Tao holds onto a vivid memory of the day she ran into Kelly while rushing through Weimer Hall worried about her applications to a Ph.D. program.

“She asked me if, ‘Did you hear any good news?’ And I was like, ‘Oh, I'm still waiting.’ And she said, ‘Oh you'll be fine, I spent like five hours writing the recommendation letter and that’s never happened before.

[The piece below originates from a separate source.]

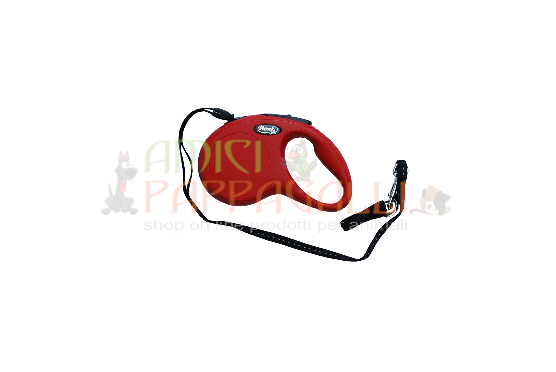 Tutti i guinzagli Flexi hanno l’avvolgimento automatico e sistema frenante con recupero.
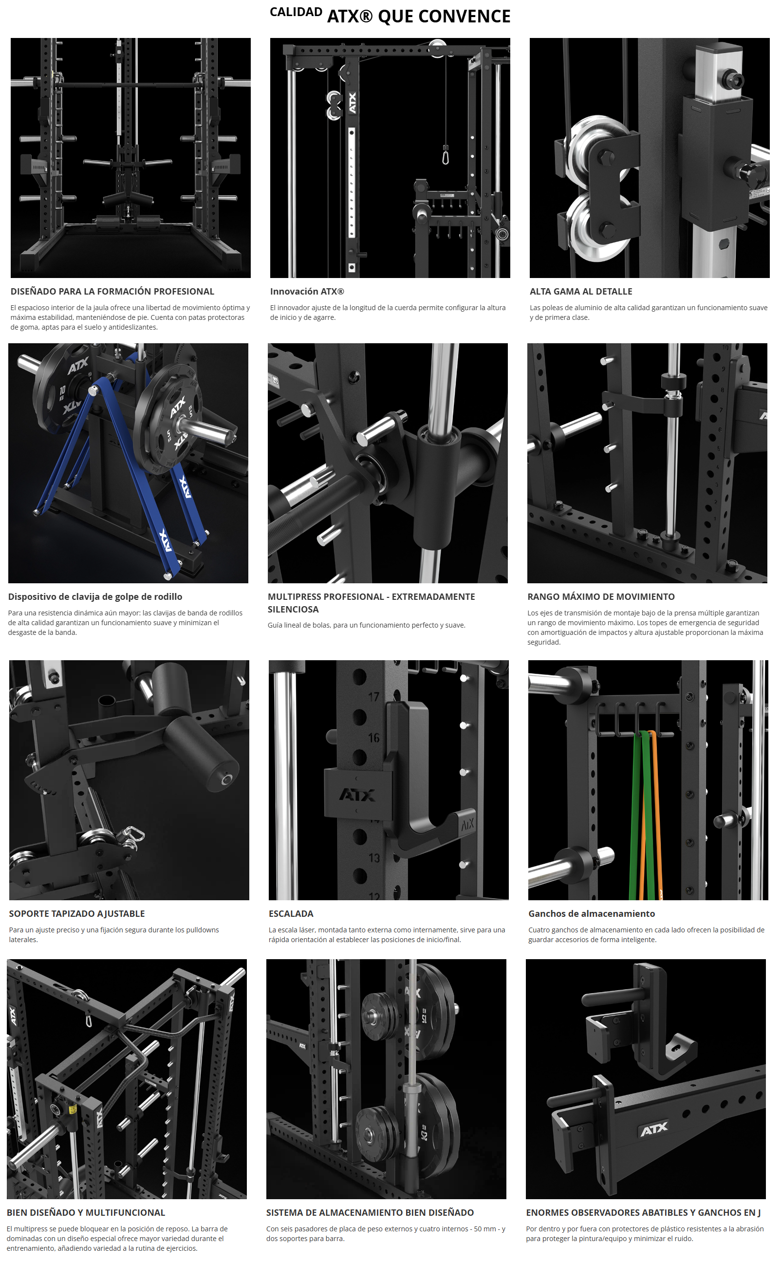 La sólida construcción de acero resistente a la torsión, hecha de tubos de acero de 70 x 70 x 3 mm de grosor, es absolutamente estable y está diseñada para soportar las cargas más altas, ideal para el entrenamiento diario intensivo. Los estantes y las posiciones de inicio y fin son ajustables individualmente y su manejo es fácil e intuitivo. Además, su manejo impresiona por su sofisticada ergonomía y su calidad profesional.

I usually spend that much time to write a book or anything but not a recommendation letter so you'll definitely get in,’” Tao said.

For Wilson, Kelly was not only his advisor when pursuing his Ph.D., but a friend to his family who had moved to Gainesville.

“She was as worried about our enjoyment of Gainesville, our kind of experience and our well-being as people, just as much as she was about my personal academic progress,” Wilson said. 

Kelly’s charismatic personality and passion was not only reflected in her work and teachings in the classroom, but also in her wardrobe. 

“Her style of clothing is still very memorable, even to this point,” Tao said. 

She often wore colorful monochrome outfits and accessories, and every year in the Spring for Mardi Gras, Waters said she would wear a large, brightly colored hat that resembled a Kentucky Derby or Sunday church hat.

“It's just such a thing that is so tied to her,” Waters said. “I have actually ordered one of those to hang up in my office in San Francisco by my UF diploma to honor her.”

Waters said he is currently working on a paper with a team of UF doctoral graduates for a research journal, and upon hearing of Kelly’s passing, they decided to dedicate their work to her.

“It was something that very shocked and saddened me, but it was empowering at the same time because we are going to honor her in that way,” Waters said.

Wilson said he has a number of pictures that rotate as his wallpaper on his computer, one of them being a picture of his family and Kelly on his graduation day.

“I've had it up for a while and now it pops up every couple of days, and it's just, it's sad to know she's gone, but at the same time, I feel really blessed that she was a part of our lives,” Wilson said.